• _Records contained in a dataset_
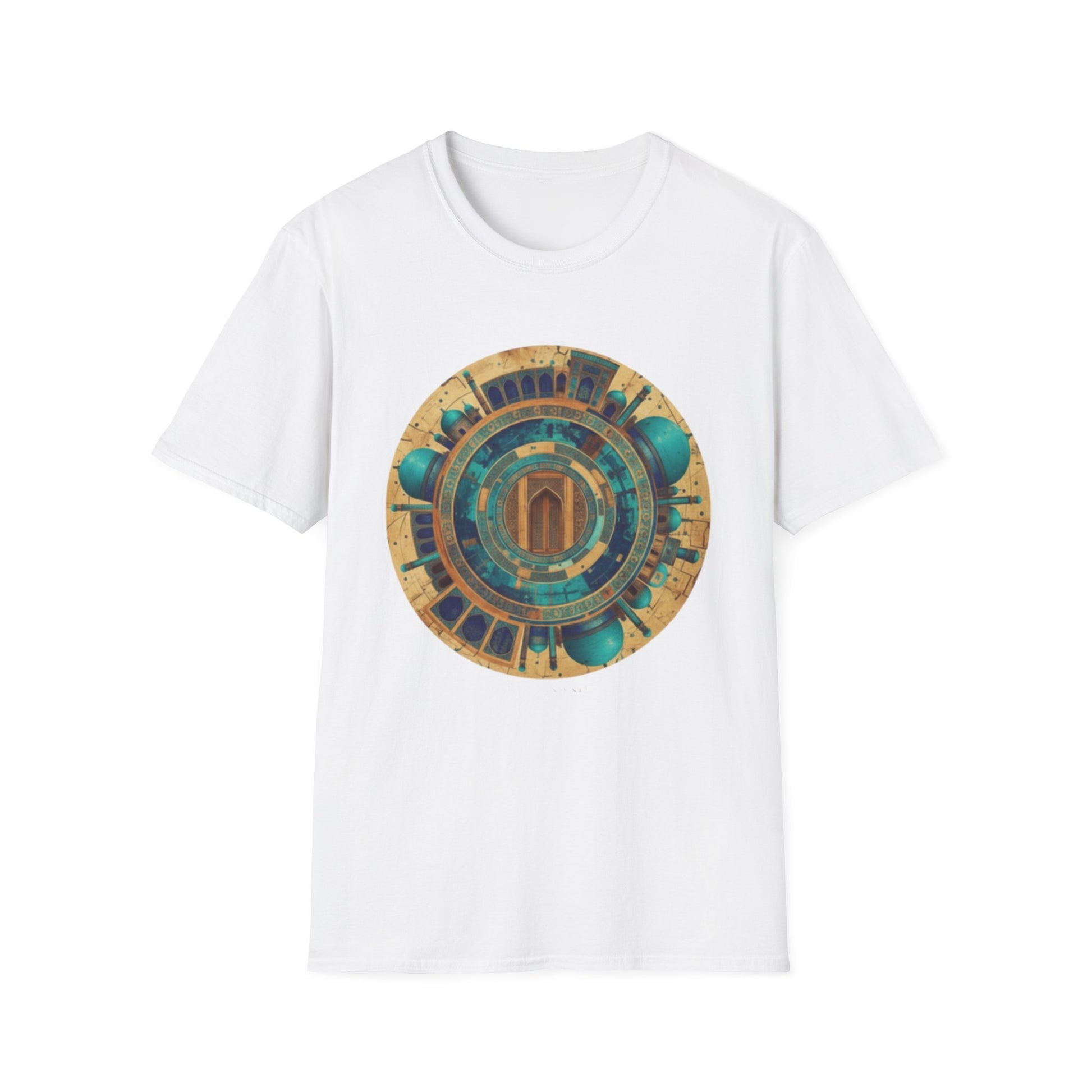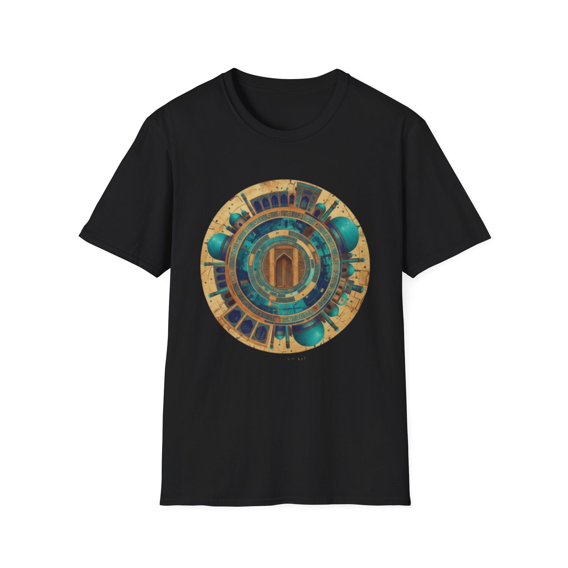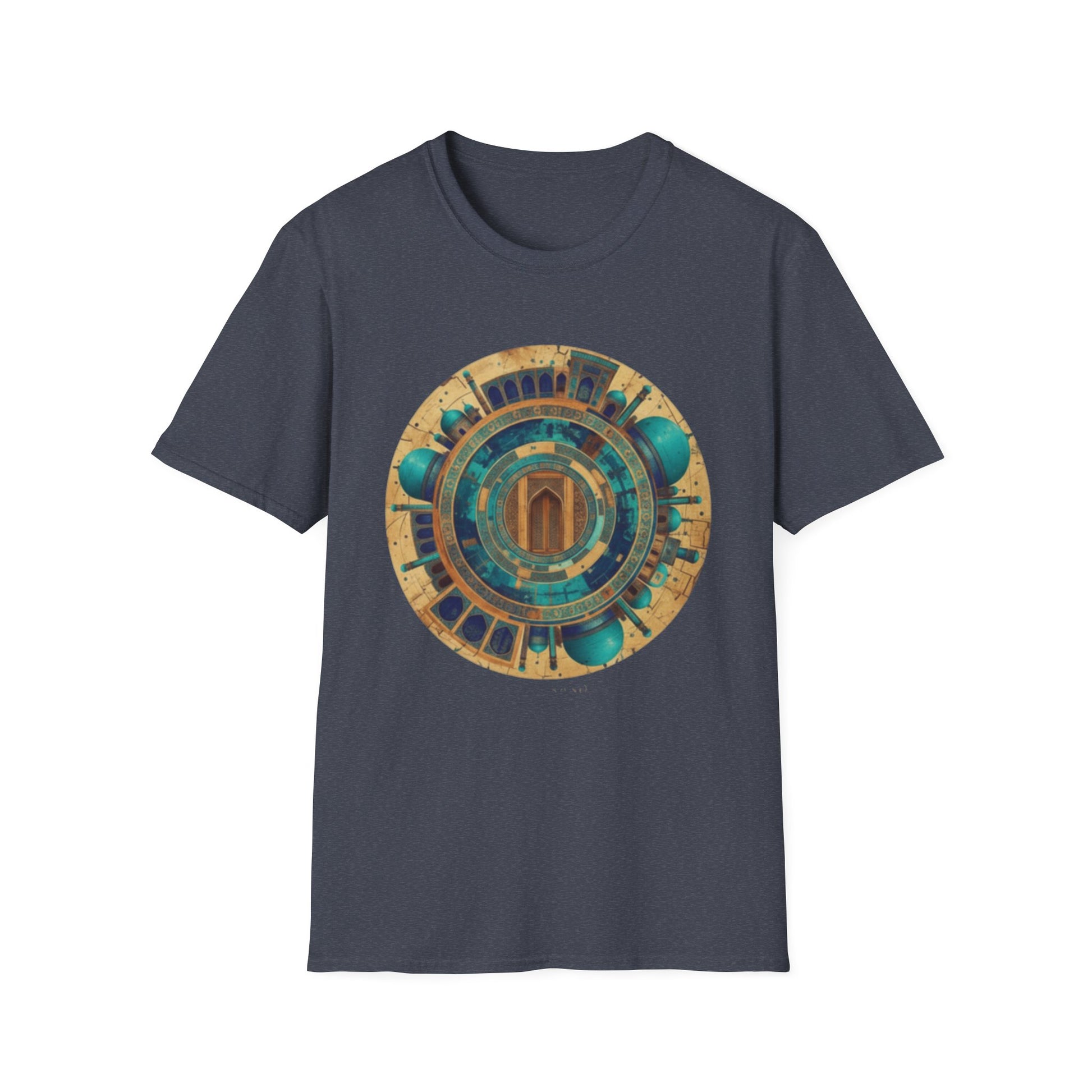 This lightweight cotton tee wears like a quiet story. At its center sits a circular, teal-and-gold mandala—part architectural blueprint, part weathered coin—calling to anyone who loves layered textures and subtle symbolism. The classic crew cut and clean silhouette let the art take the stage while remaining easy to layer under a jacket or wear alone on warm days. It settles like a familiar companion for city wanderers, studio makers, and weekend archivists who collect experiences more than things. The shirt’s soft hand and breathable feel invite long afternoons of sketching, wandering markets, or settling in with a record player and warm tea. Over time the printed motif gains that lived-in charm that feels less like a brand and more like a personal emblem.
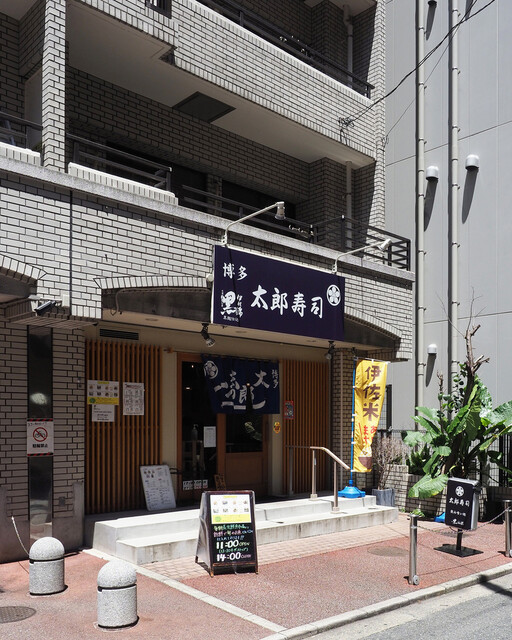 昭和通りから親不孝通りへと入り、ひと区画目の路地にある『博多 太郎寿司』
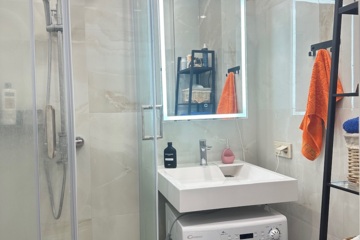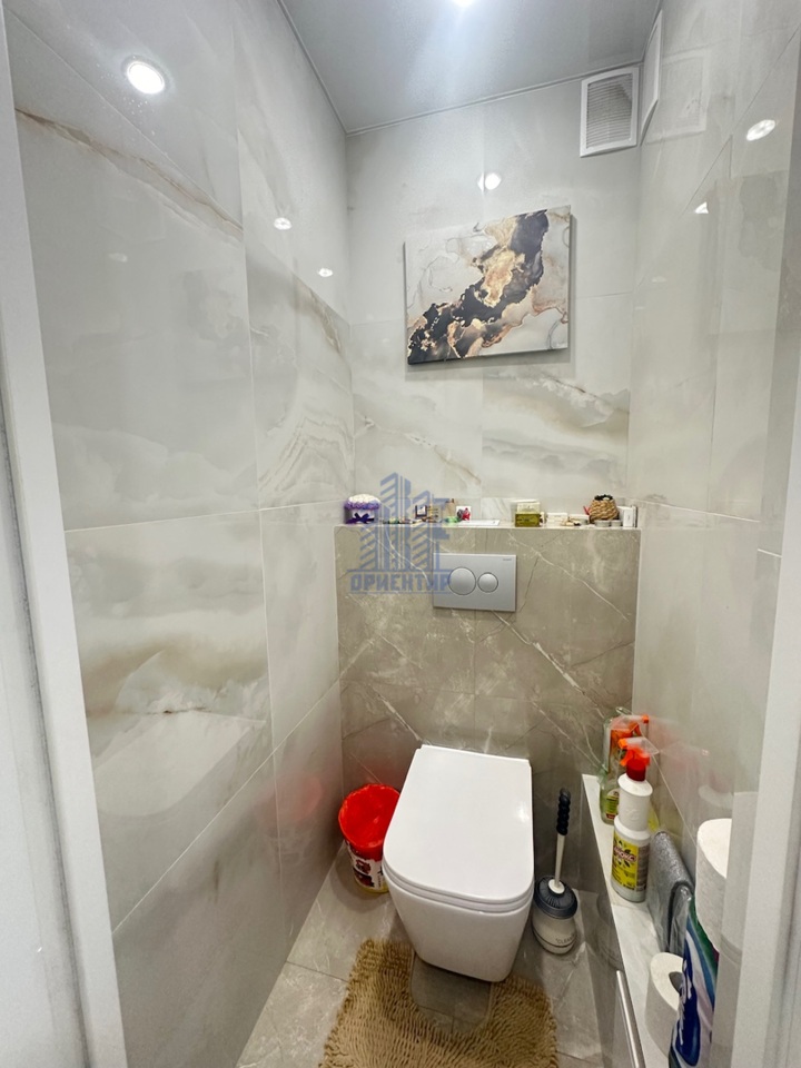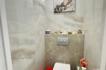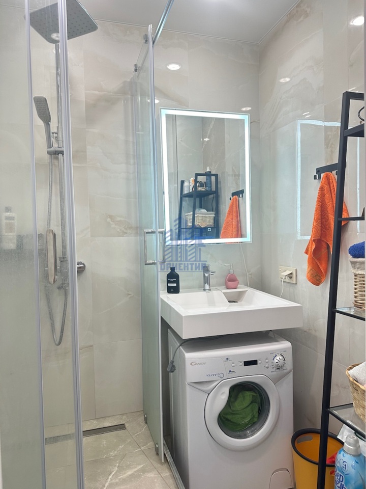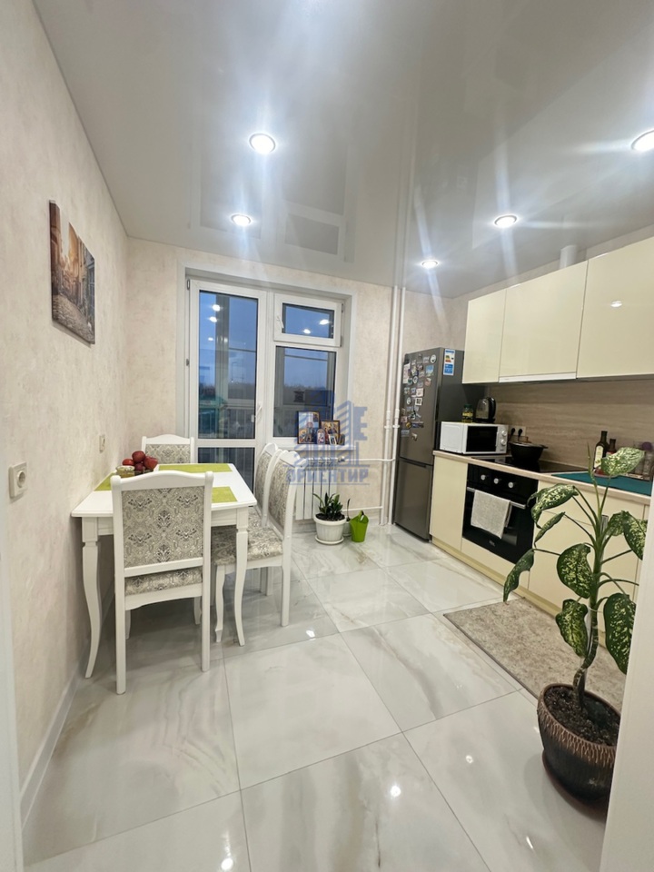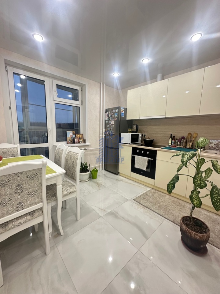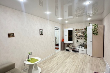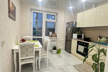 В квартире сделан современный дизайнерский ремонт: на полу светлый керамогранит, санузлы также в красивой современной плитке, светлые обои, натяжные потолки дают необыкновенное ощущение большой просторной квартиры.
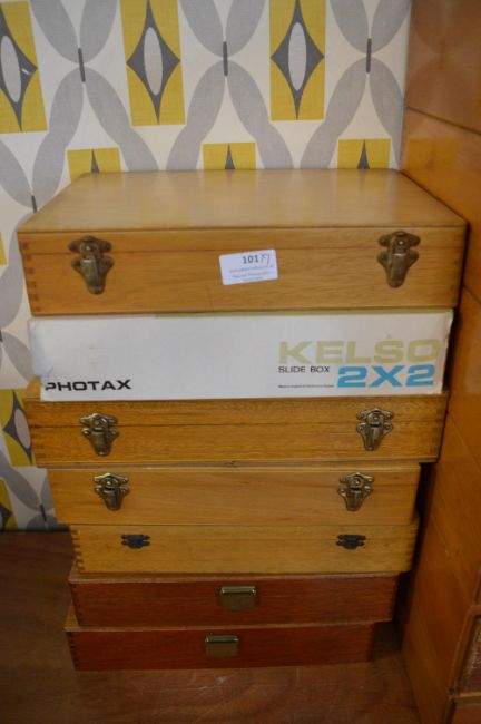 Seven Photax Wooden 2x2 Slide Storage Boxes Including Some Slides
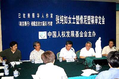 China will make two statues for Iris Chang, the late former female reporter of the Associated Press, for her exposure of "atrocities committed by Japanese aggressors" in China and the spirit to "dig up the historical truth." A group of eminent Chinese artists and scholars discuss the clay model of the work in Beijing June 21, 2005. Chang published her book The Rape of Nanking - The Forgotten Holocaust of World War II in 1997, which enabled Europeans and Americans to know the details of the Nanjing Massacre for the first time. She was also considered a key member in retrieving Diaries of John Rabe, which provides crucial records of the Nanjing Massacre. Chang was found dead of suicide in San Francisco at age 36 on November 9, 2004. (Xinhua photos)
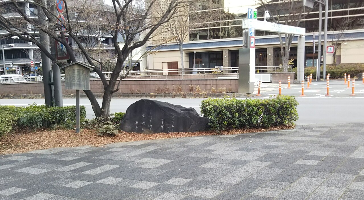 御池大橋の西詰の南にあった松目漱石が詠んだ句が刻まれた石と駒札。御池大橋の南側を渡る人なら気が付く位置にある。大きい石だから目に入ってくる。彼は4回京都に来てる。そのとき知り合った祇園の茶屋の女将のことを思って詠んだ句。
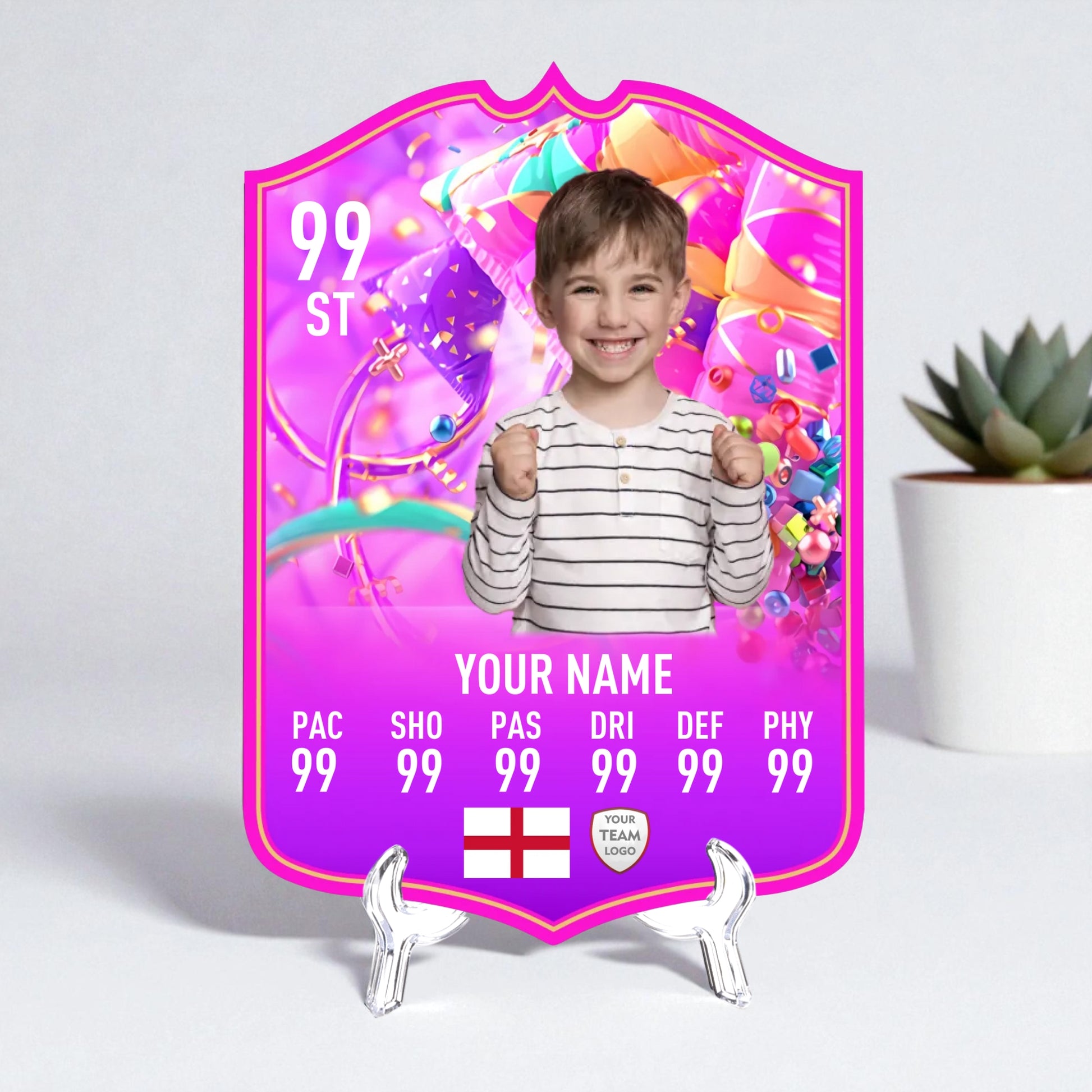 Use our easy online card builder to create your very own FC25 Birthday card in just minutes. Add a name, photo, position, and stats – and we’ll show you a full preview before we go to print. Every card is made with care and backed by our Gold Standard Guarantee, ensuring your gift looks and feels legendary.

• _REQUIRED WORK_
Could you reproduce exactly the lines from the one containing "В квартире сделан" through the last line of the records, both included, leaving out the pictures?

• _YOUR SOLUTION_
 В квартире сделан современный дизайнерский ремонт: на полу светлый керамогранит, санузлы также в красивой современной плитке, светлые обои, натяжные потолки дают необыкновенное ощущение большой просторной квартиры.
 Seven Photax Wooden 2x2 Slide Storage Boxes Including Some Slides
 China will make two statues for Iris Chang, the late former female reporter of the Associated Press, for her exposure of "atrocities committed by Japanese aggressors" in China and the spirit to "dig up the historical truth." A group of eminent Chinese artists and scholars discuss the clay model of the work in Beijing June 21, 2005. Chang published her book The Rape of Nanking - The Forgotten Holocaust of World War II in 1997, which enabled Europeans and Americans to know the details of the Nanjing Massacre for the first time. She was also considered a key member in retrieving Diaries of John Rabe, which provides crucial records of the Nanjing Massacre. Chang was found dead of suicide in San Francisco at age 36 on November 9, 2004. (Xinhua photos)
 御池大橋の西詰の南にあった松目漱石が詠んだ句が刻まれた石と駒札。御池大橋の南側を渡る人なら気が付く位置にある。大きい石だから目に入ってくる。彼は4回京都に来てる。そのとき知り合った祇園の茶屋の女将のことを思って詠んだ句。
 Use our easy online card builder to create your very own FC25 Birthday card in just minutes. Add a name, photo, position, and stats – and we’ll show you a full preview before we go to print. Every card is made with care and backed by our Gold Standard Guarantee, ensuring your gift looks and feels legendary.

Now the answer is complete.